● **Requirement**:
Give again, word for word, only the lines of the material below from its first line through the one that holds "1月19日上午,法学院党委召"; pictures stay out.

● **Information provided**:
= = = = = = =
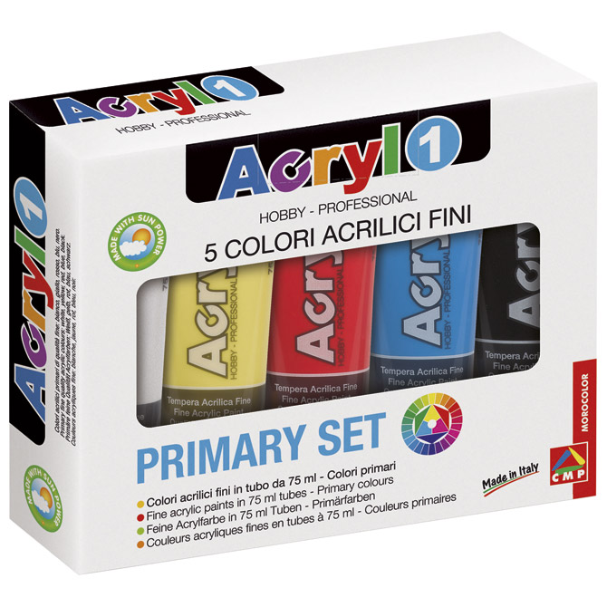 Specifikacija: 75 ml; PVC tuba; fina akrilna boja; na vodenoj bazi najfinije kvalitete s visokom koncentracijom pigmentirane akrilne suspenzije; karakterizira ju velika neprozirnost; nakon što se osuši potpuno je postojana; može se koristiti na bilo kojoj vrsti površine: papir, plastika, drvo, slikarsko platno, staklo i dr.; može se nanjeti u tanjem i debljem sloju; lako se nanosi, a nanosi su dosljedni, elastični, živopisni, ugodni i otporni na dodir; potrebno je najmanje 24 sata da se potpuno osuši; temperature bi se trebale kretati između 18 i 25 ° C; velika otpornost; za bolju povezanost boje sa podlogom nanjeti primer, a za bolje fiksiranje boje nanjeti bezbojni akrilni lak (mat ili sjajni); pogodna je za razne tehnike, ali i za ukrašavanje i hobi aktivnosti poput decoupagea jer vrlo dobro reagira na lakove i aditive koji se koriste u takvim tehnikama; tonovi su intenzivni, a efekti impresivni; njihovim miješanjem mogu se dobiti novi skladni i živopisni tonovi; može se lakirati akrilnim lakom i stoga postati dugotrajniji, svjetliji i trajniji; može se miješati sa proizvodima na bazi vode
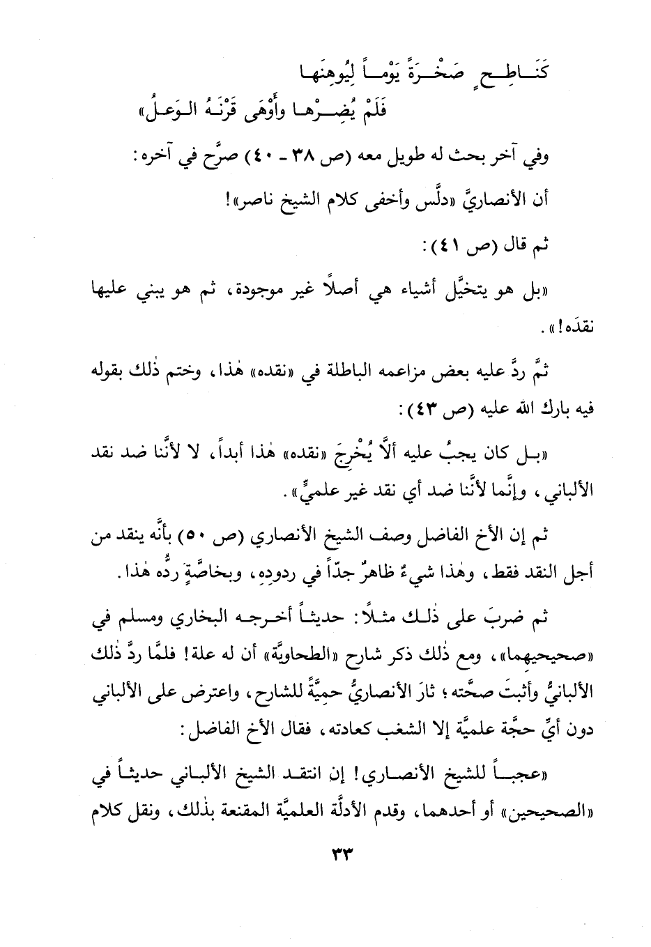 "بل كان يجبُ عليه ألَّا يُخْرِجَ " نقده " هذا أبداً، لا لأنَّنا ضد نقد الألباني، وإنَّما لأنَّنا ضد أي نقد غير علميٍّ ".
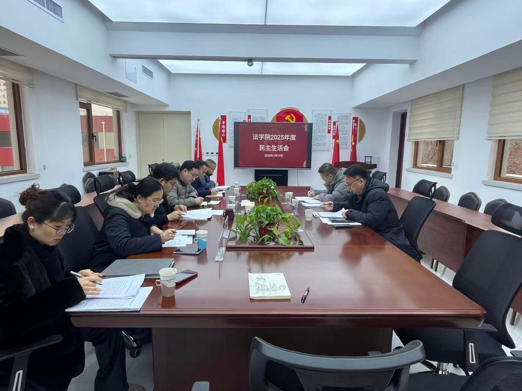1月19日上午,法学院党委召开2025年度民主生活会,深入学习贯彻习近平新时代中国特色社会主义思想,全面贯彻落实党的二十届四中全会精神,锲而不舍落实中央八项规定精神,为学院高质量发展打牢坚实基础。党委学生工作部副部长周广春、管理科学与工程学院正科级专职组织员满宠到会指导。学院党委书记刘洪主持会议,学院党委领导班子成员参加会议。
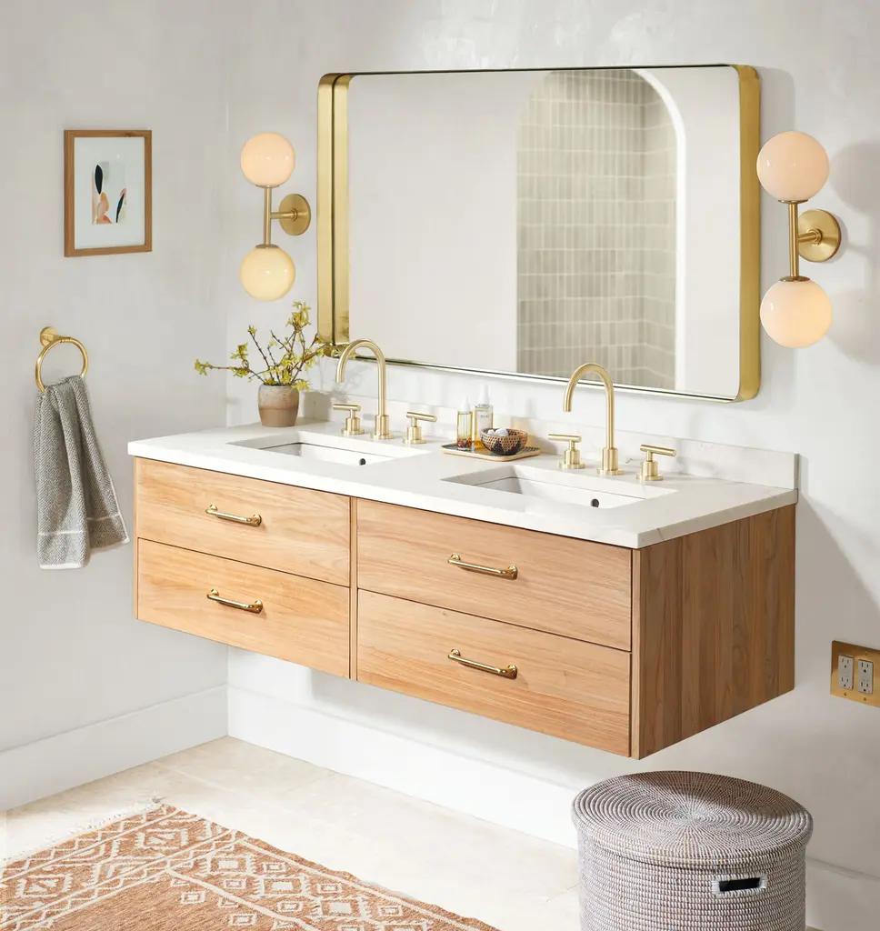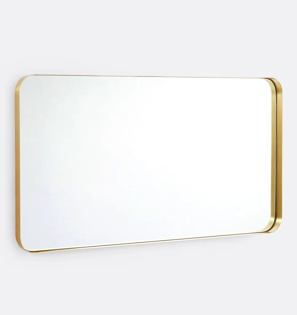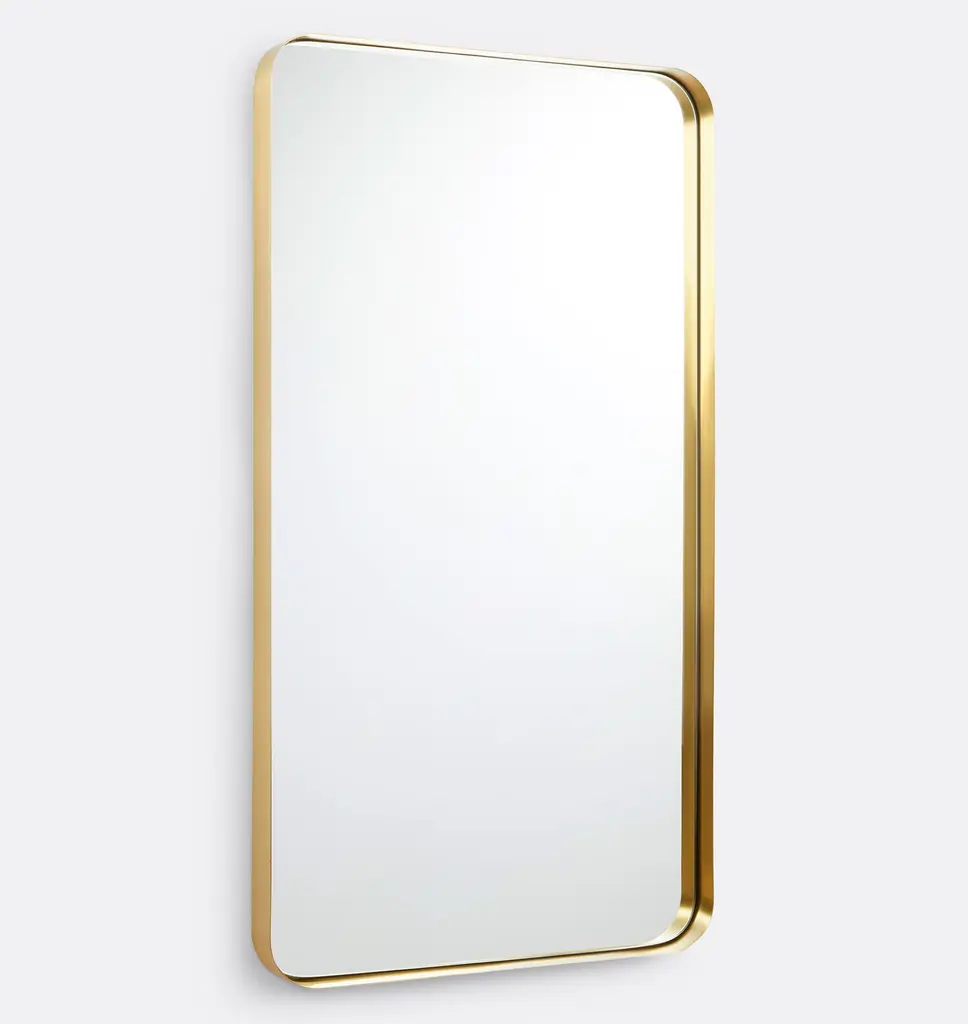 Crafted by hand with a sleek brass metal frame, this modern mirror comes in a range of versatile finishes. Its deep frame design adds visual interest to any bedroom, bath, or living space. Details You'll Appreciate Frame constructed from high quality Solid Brass Finishes coordinate with all our Hardware & Plumbing Can be hung either vertically or horizontally Product Specifications Wall mounted, using a D Ring system, mounting hardware included Premium & durable thick glass mirror, constructed with an anti-shatter backing Backed with MDF, providing extra strength and ensuring the mirror's structural integrity over time Rated for use in bathroom, covered outdoor areas & other areas with high moisture Contract Grade – Designed, Engineered and Tested for commercial use Imported
= = = = = = =
● **Your solution**:
 Specifikacija: 75 ml; PVC tuba; fina akrilna boja; na vodenoj bazi najfinije kvalitete s visokom koncentracijom pigmentirane akrilne suspenzije; karakterizira ju velika neprozirnost; nakon što se osuši potpuno je postojana; može se koristiti na bilo kojoj vrsti površine: papir, plastika, drvo, slikarsko platno, staklo i dr.; može se nanjeti u tanjem i debljem sloju; lako se nanosi, a nanosi su dosljedni, elastični, živopisni, ugodni i otporni na dodir; potrebno je najmanje 24 sata da se potpuno osuši; temperature bi se trebale kretati između 18 i 25 ° C; velika otpornost; za bolju povezanost boje sa podlogom nanjeti primer, a za bolje fiksiranje boje nanjeti bezbojni akrilni lak (mat ili sjajni); pogodna je za razne tehnike, ali i za ukrašavanje i hobi aktivnosti poput decoupagea jer vrlo dobro reagira na lakove i aditive koji se koriste u takvim tehnikama; tonovi su intenzivni, a efekti impresivni; njihovim miješanjem mogu se dobiti novi skladni i živopisni tonovi; može se lakirati akrilnim lakom i stoga postati dugotrajniji, svjetliji i trajniji; može se miješati sa proizvodima na bazi vode
 "بل كان يجبُ عليه ألَّا يُخْرِجَ " نقده " هذا أبداً، لا لأنَّنا ضد نقد الألباني، وإنَّما لأنَّنا ضد أي نقد غير علميٍّ ".
1月19日上午,法学院党委召开2025年度民主生活会,深入学习贯彻习近平新时代中国特色社会主义思想,全面贯彻落实党的二十届四中全会精神,锲而不舍落实中央八项规定精神,为学院高质量发展打牢坚实基础。党委学生工作部副部长周广春、管理科学与工程学院正科级专职组织员满宠到会指导。学院党委书记刘洪主持会议,学院党委领导班子成员参加会议。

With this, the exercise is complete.